"""

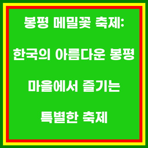 봉평 메밀꽃 축제는 한국의 전통과 자연을 경험할 수 있는 특별한 축제로, 방문객들에게 즐거움과 휴식을 동시에 제공합니다. 메밀꽃이 만개하는 가을철, 봉평의 아름다운 풍경을 감상하며 지역 음식과 문화를 체험할 수 있는 이 축제는 한국을 방문하는 관광객들에게 추천할 만한 특별한 행사입니다. 봉평 메밀꽃 축제를 경험하면서 한국의 아름다운 자연과 문화를 만끽해보세요.
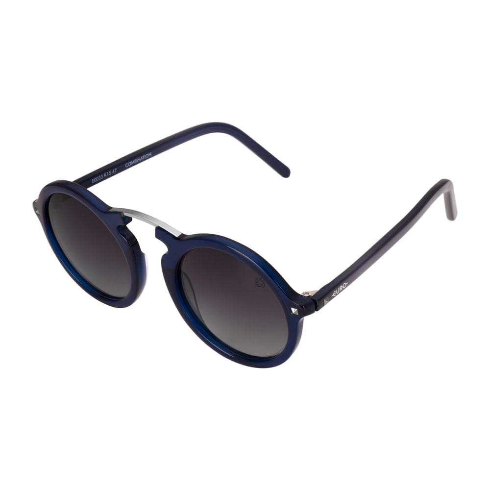 O óculos de sol azul petróleo feminino Euro é da coleção Redonditos. Ele é um modelo clássico redondo, com um toque fashion de modernidade. A armação e as hastes são de acetato polido na cor azul petróleo, com detalhe de mini spikes. A ponte (parte em cima do nariz, que lida os dois lados) é em formato em arco, dando um ar mais descolado ao produto. As lentes são polarizadas, da cor cinza degradê. As fashionistas vão amar esse modelo! Todos os óculos de sol da Euro tem o fator máximo de proteção de raios ultravioletas (UV400).
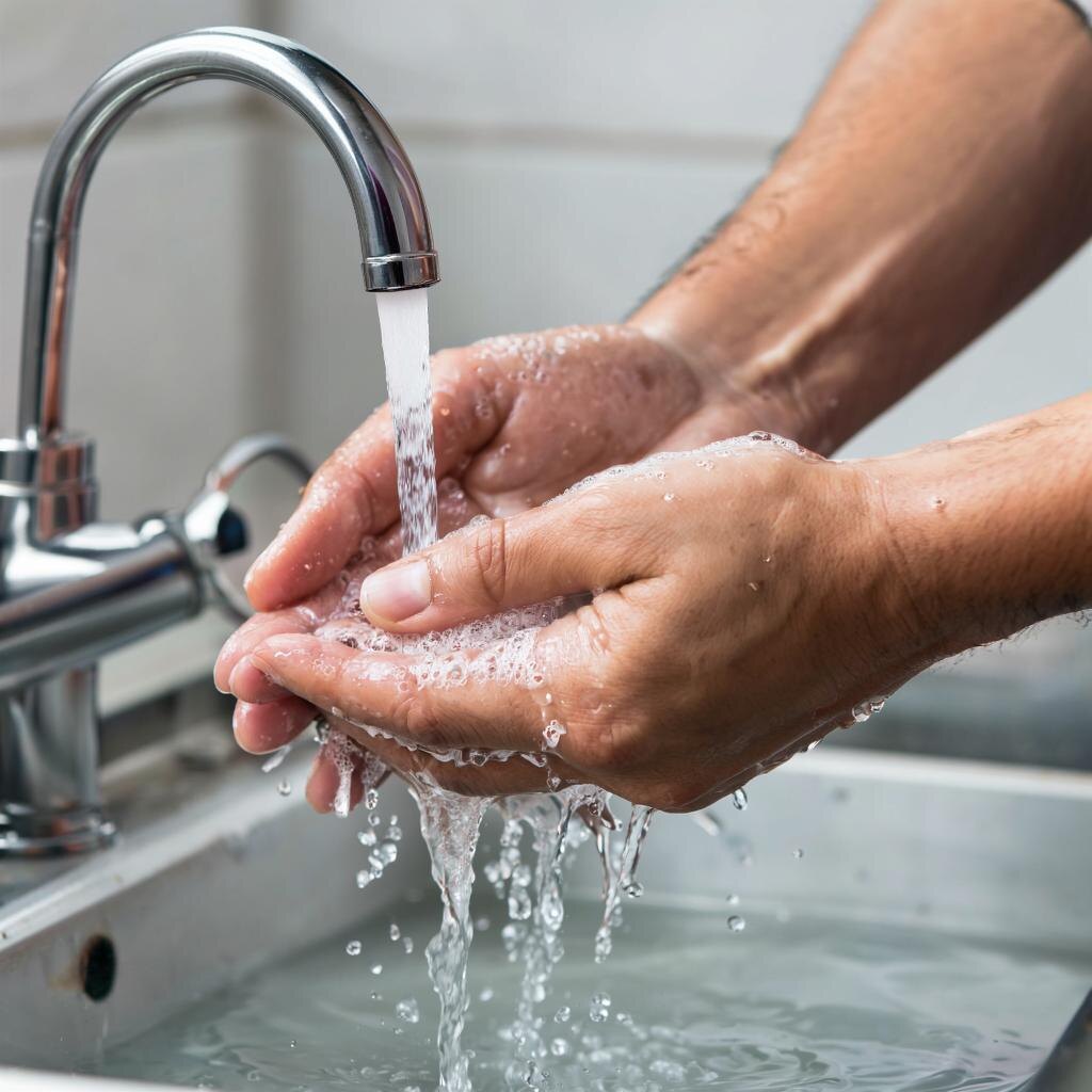 Научить ребёнка правильно мыть руки – задача непростая, но чрезвычайно важная. Гигиена рук защищает детский организм от множества болезней и инфекций, включая грипп, простуду и кишечные расстройства. 🦠 Когда нужно мыть руки? ✅ Перед едой и приготовлением пищи. ✅ После посещения туалета. ✅ После контакта с животными. ✅ После кашля или чихания. ✅ После возвращения домой с улицы. ✅ Если руки грязные или испачканы. Как правильно мыть руки? 1. Смочить руки тёплой водой. 2. Намылить мыло и равномерно распределить его по ладоням, пальцам и ногтям. 3. Тщательно потереть ладони друг о друга круговыми движениями. 4. Промыть промежутки между пальцами и под ногтями. 5. Хорошо смыть пену чистой водой. 6. Высушить руки чистым полотенцем или одноразовой салфеткой. Советы родителям: 💧 Используйте жидкое мыло с дозатором, чтобы избежать распространения бактерий. 🧽 Учите ребёнка мыть руки минимум 20 секунд. Можно петь короткую песенку, пока моете руки, чтобы было веселее. 🩺 Объясните важность мытья
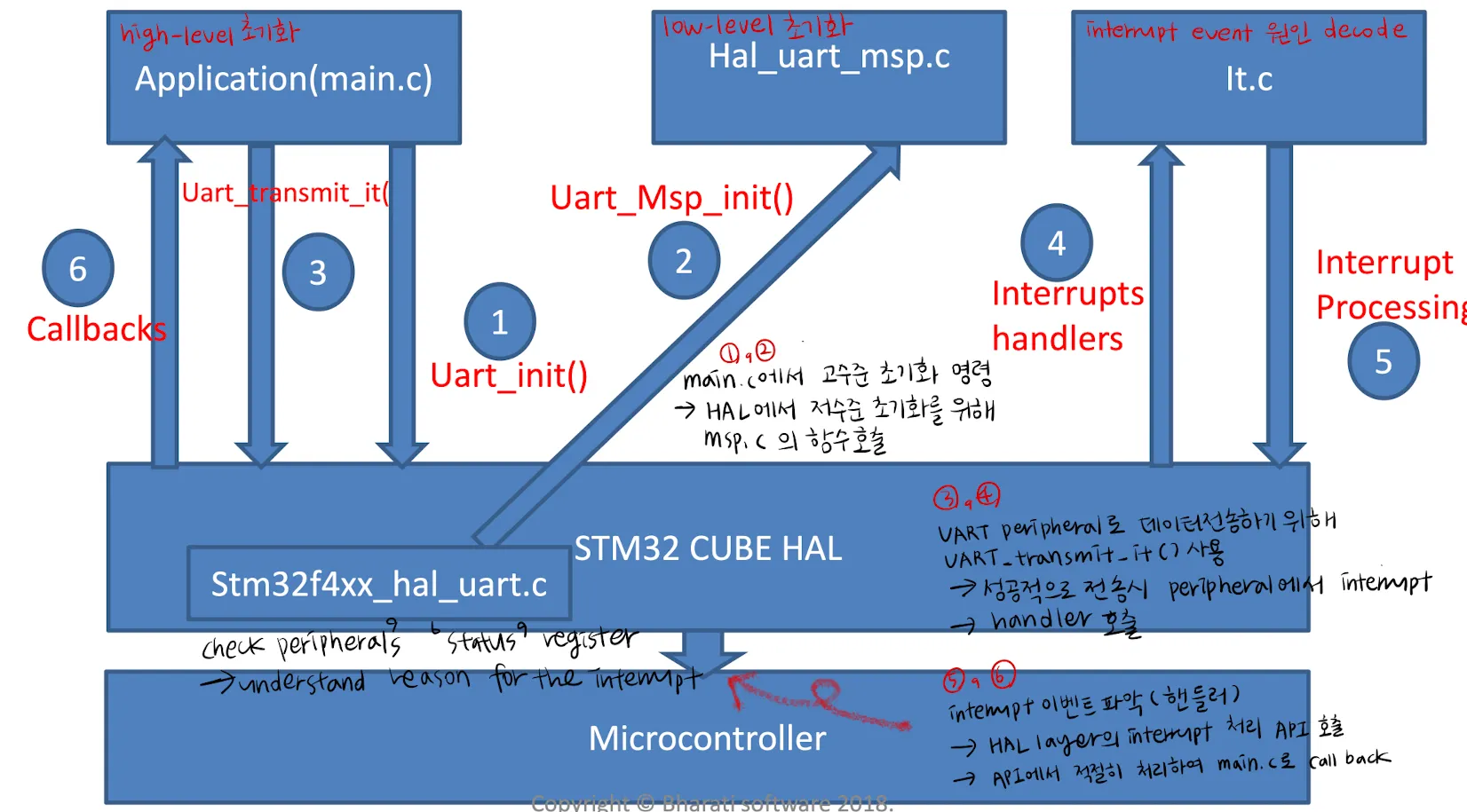 - HAL은 하드웨어에 의존적이지 않은 인터페이스를 제공하지만, MSP는 하드웨어 설계에 따라 종속적인 초기화 작업을 처리하므로 User Application Layer에 해당 (예: 특정 핀을 UART용 TX/RX로 설정하거나 NVIC를 특정 인터럽트에 대해 활성화하는 작업)
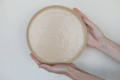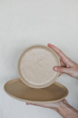 ceramiczne kubki i talerze na drewnianym widoku blatu. minimalistyczny zestaw ręcznie wykonanych ceramicznych zastaw stołowych i ceramicznych
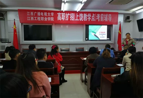 为了帮助已报考江西广播电视大学、江西工程职业学院(上饶电大教学点)的考生充分准备入学专项测试,上饶电大于2020年11月21日-22日先后在市电大校本部、鄱阳县、余干县精心组织了3场考前辅导教学活动。
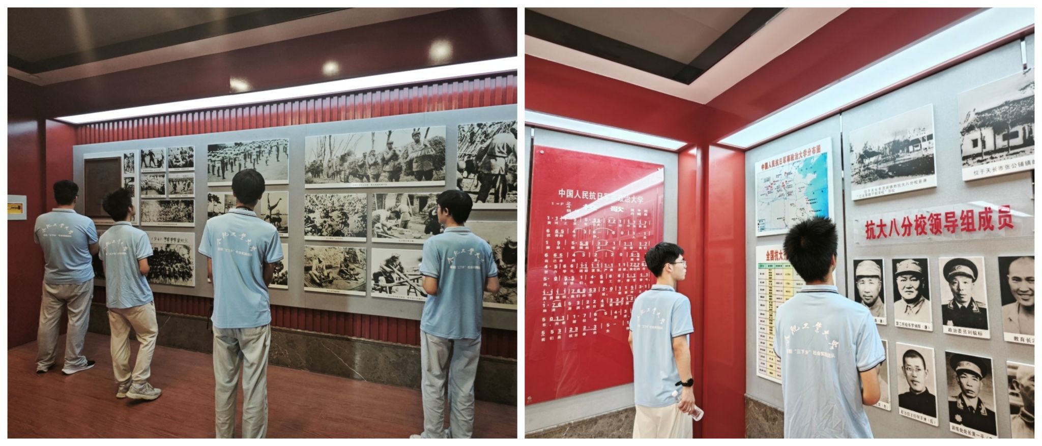 步入纪念馆,团队成员的目光首先被庄重陈列的抗大八分校领导组成员的照片所吸引。每张照片都精心装裱,下方配有详细的文字介绍,清晰展现着他们的生平履历和在抗大八分校的卓越贡献。展墙上,一幅幅泛黄的照片生动定格了学员们火热的学习场景:简陋教室里,年轻战士们聚精会神地听讲;训练场上,他们身姿挺拔、斗志昂扬,淋漓尽致地展现了革命军人的坚毅品格。
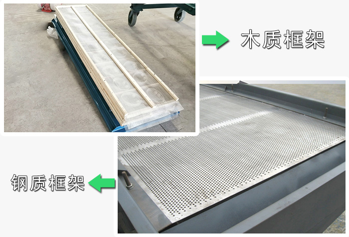 1、產(chǎn)能低時(shí)直線振動(dòng)篩的框架可以選擇木質(zhì)框架,產(chǎn)能高時(shí)就需要選擇鋼質(zhì)框架了。
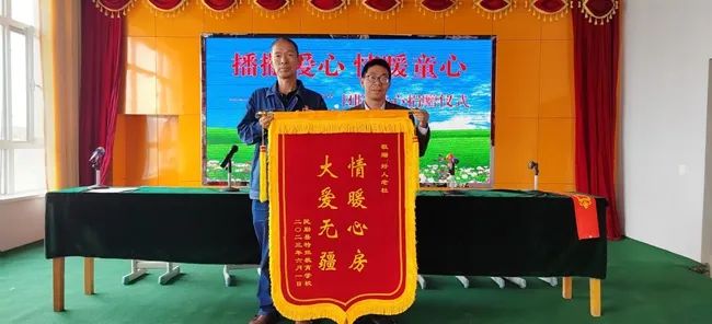 民勤县特殊学校负责人为杜志虎送锦旗
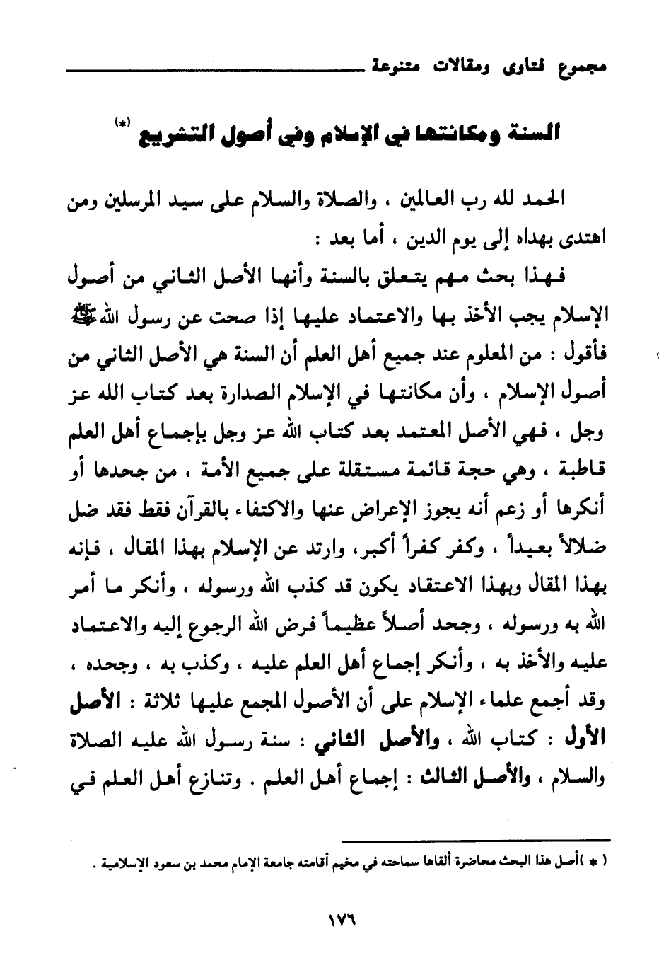 فهذا بحث مهم يتعلق بالسنة وأنها الأصل الثاني من أصول الإسلام يجب الأخذ بها والاعتماد عليها إذا صحت عن رسول الله صلى الله عليه وسلم فأقول: من المعلوم عند جميع أهل العلم أن السنة هي الأصل الثاني من أصول الإسلام، وأن مكانتها في الإسلام الصدارة بعد كتاب الله عز وجل، فهي الأصل المعتمد بعد كتاب الله عز وجل بإجماع أهل العلم قاطبة، وهي حجة قائمة مستقلة على جميع الأمة، من جحدها أو أنكرها أو زعم أنه يجوز الإعراض عنها والاكتفاء بالقرآن فقط فقد ضل ضلالا بعيدا، وكفر كفرا أكبر، وارتد عن الإسلام بهذا المقال، فإنه بهذا المقال وبهذا الاعتقاد يكون قد كذب الله ورسوله، وأنكر ما أمر الله به ورسوله، وجحد أصلا عظيما فرض الله الرجوع إليه والاعتماد عليه والأخذ به، وأنكر إجماع أهل العلم عليه، وكذب به، وجحده، وقد أجمع علماء الإسلام على أن الأصول المجمع عليها ثلاثة: الأصل الأول: كتاب الله. والأصل الثاني: سنة رسول الله عليه الصلاة والسلام. والأصل الثالث: إجماع أهل العلم وتنازع أهل العلم في
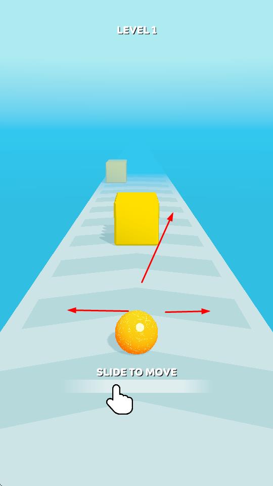 1、玩家通过滑动屏幕操控橙色小球在道路上移动,躲避黄色、蓝色等颜色的方块障碍物。
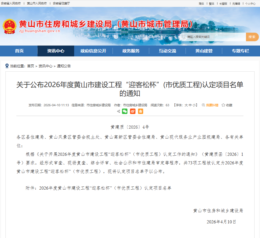 这份荣誉,是全体建设者日夜坚守、攻坚克难的成果,更是公司“品质为先、追求卓越”理念的生动实践。未来,我们将继续以荣誉为动力,在更多城市更新项目中践行工匠精神,为黄山市高质量发展贡献更多精品工程!
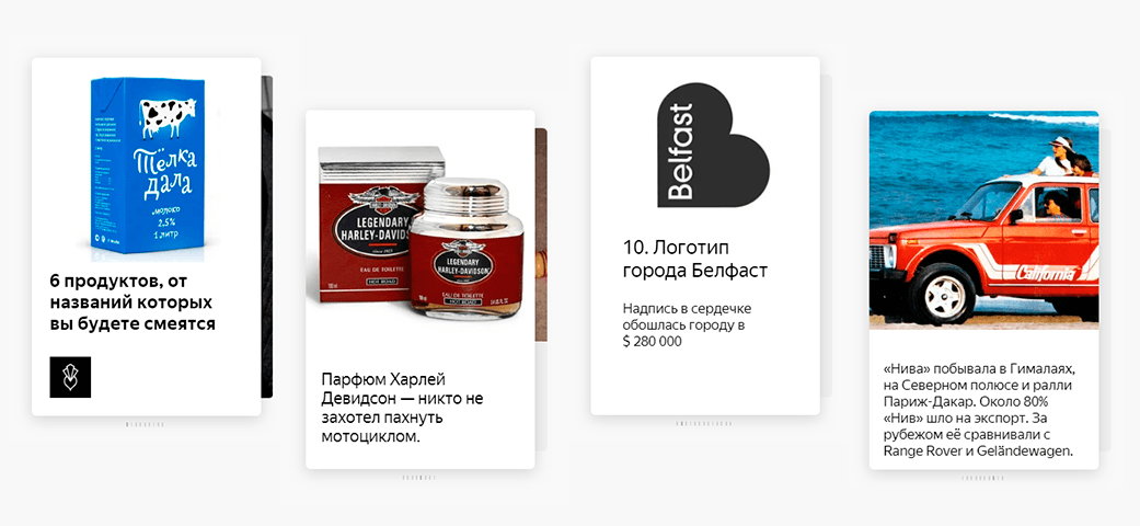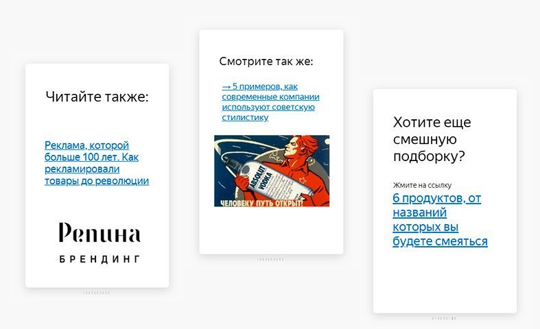 В конец каждого нарратива стали добавлять ссылку на другий нарратив, близкий по теме. В конце смешной подборки — другая смешная подборка. В конце материала про самые древние бренды — примеры рекламы в царской России.
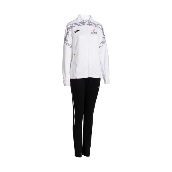 Ensemble de survêtement pour femme, composé d'un sweat à capuche zippé et d'un pantalon long, conçu pour offrir une combinaison parfaite de confort, de style et de fonctionnalité dans toute activité sportive. Le sweat présente des bords côtelés aux poignets et à la taille, garantissant un ajustement ferme et confortable, ainsi que des poches zippées pour ranger vos effets personnels en toute sécurité pendant vos entraînements. Sa fermeture éclair complète avec protège-menton offre un confort accru, évitant les frottements éventuels lors de l'utilisation, et le design sublimé sur les manches ajoute une touche moderne et distinctive. D'autre part, le pantalon long comprend un système de double ajustement avec une taille élastique et des cordons, permettant un ajustement personnalisé et sécurisé. De plus, les poches zippées sur le pantalon garantissent que vous puissiez ranger vos objets personnels facilement et en toute sécurité.

"""

WHAT TO WORK ON
In the data above, take the line with "为了帮助已报考江西广播电视大", the line with "民勤县特殊学校负责人为杜志虎送锦旗", and every line between, and set them down exactly without pictures.

WORKED SOLUTION
 为了帮助已报考江西广播电视大学、江西工程职业学院(上饶电大教学点)的考生充分准备入学专项测试,上饶电大于2020年11月21日-22日先后在市电大校本部、鄱阳县、余干县精心组织了3场考前辅导教学活动。
 步入纪念馆,团队成员的目光首先被庄重陈列的抗大八分校领导组成员的照片所吸引。每张照片都精心装裱,下方配有详细的文字介绍,清晰展现着他们的生平履历和在抗大八分校的卓越贡献。展墙上,一幅幅泛黄的照片生动定格了学员们火热的学习场景:简陋教室里,年轻战士们聚精会神地听讲;训练场上,他们身姿挺拔、斗志昂扬,淋漓尽致地展现了革命军人的坚毅品格。
 1、產(chǎn)能低時(shí)直線振動(dòng)篩的框架可以選擇木質(zhì)框架,產(chǎn)能高時(shí)就需要選擇鋼質(zhì)框架了。
 民勤县特殊学校负责人为杜志虎送锦旗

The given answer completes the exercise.